Sakana AI Releases Fugu Ultra: How Model Orchestration Achieves Frontier AI Performance

Sakana AI's New Breakthrough: The Fugu Ultra Model

Japanese AI company Sakana AI recently released its latest model, Fugu Ultra, claiming it matches top-tier models like Anthropic's Fable 5 and Mythos Preview on the industry's most rigorous benchmarks in engineering, science, and reasoning. The core highlight of this release lies not just in performance itself, but in its unique technical approach—Autonomous Model Orchestration.

Sakana AI was founded in 2023 by David Ha, a former Google Brain researcher, and Llion Jones, a former Google DeepMind researcher. Notably, Llion Jones is one of the eight authors of the groundbreaking paper Attention Is All You Need—the paper that introduced the Transformer architecture and laid the technical foundation for all modern large language models. The company name "Sakana" comes from the Japanese word for "fish" (魚), drawing inspiration from the collective intelligence of fish schools: individual fish follow simple rules, yet the group exhibits complex and efficient coordinated behavior. This naming philosophy deeply reflects the company's core technical philosophy—achieving intelligence that surpasses any single complex system through the collaborative work of multiple relatively simple components.

Sakana Fugu Ultra Release

What Is Autonomous Model Orchestration?

Unlike the traditional approach of training a single large model, Sakana AI has chosen a differentiated technical path. The core idea behind "autonomous model orchestration" is: rather than training an all-purpose model from scratch, an intelligent system autonomously dispatches and coordinates multiple specialized models to achieve frontier-level performance as a whole.

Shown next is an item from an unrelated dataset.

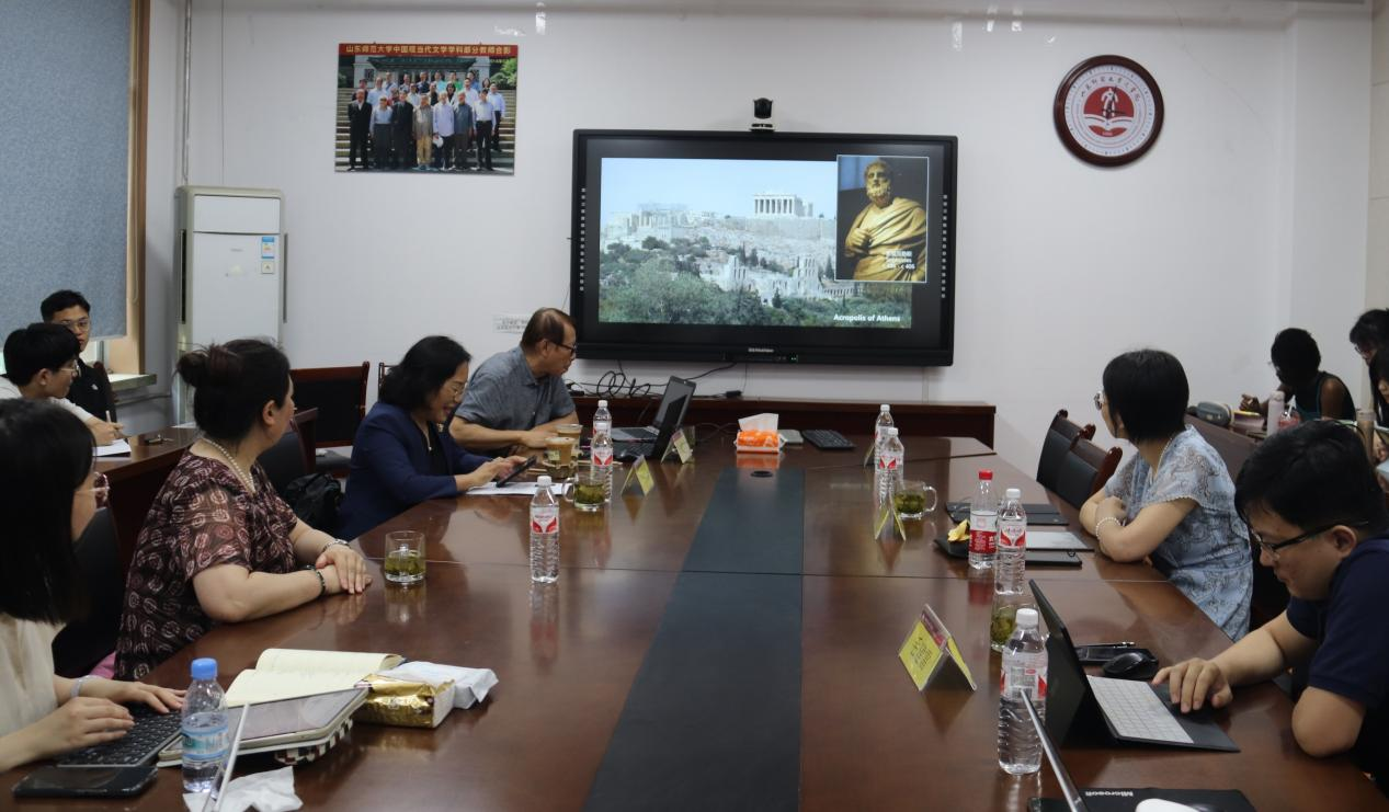 2024年5月23日,中国人民大学文学院耿幼壮教授作客山东师范大学文学院崇文大讲堂,为师生做了题为“索福克勒斯《俄狄浦斯王》的现代阐释”的讲座。本次讲座由山东师范大学文学院教授、博士生导师于冬云老师主持,比较文学与世界文学专业的杨黎红、刘亚、毛建雷老师,比较文学与世界文学专业的博士、硕士研究生及汉语言文学专业的部分本科同学聆听讲座并参与交流。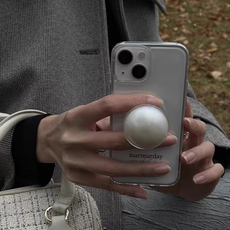 奶白色大珍珠手机支架珍珠白水晶球折叠气垫支架桌面气囊支架批发

To understand the innovation of this approach, it helps to first understand several related technical paradigms in the current AI landscape. Model Routing refers to distributing requests to the model best suited to handle a given task based on input characteristics—for example, routing math problems to a math-specialized model and code problems to a programming-specialized model. Mixture of Experts (MoE) sets up multiple "expert" sub-networks within a single model, dynamically activating the most relevant expert modules through a gating mechanism to handle different types of input. Google's Switch Transformer and the Mixtral model both employ this architecture.

Sakana AI's "autonomous model orchestration" pushes these ideas to a higher level of automation and abstraction. Unlike MoE, which fixes the expert structure during model training, an autonomous orchestration system can dynamically select, combine, and even chain-call completely independently trained external models at inference time. This means the orchestration system must decide not only "which model to use" but also "how to decompose the task," "in what order to call models," and "how to integrate outputs from multiple models"—requiring meta-cognitive planning and decision-making capabilities. Fugu Ultra essentially plays the role of a "commander"—as its release title states: "One Model to Command Them All."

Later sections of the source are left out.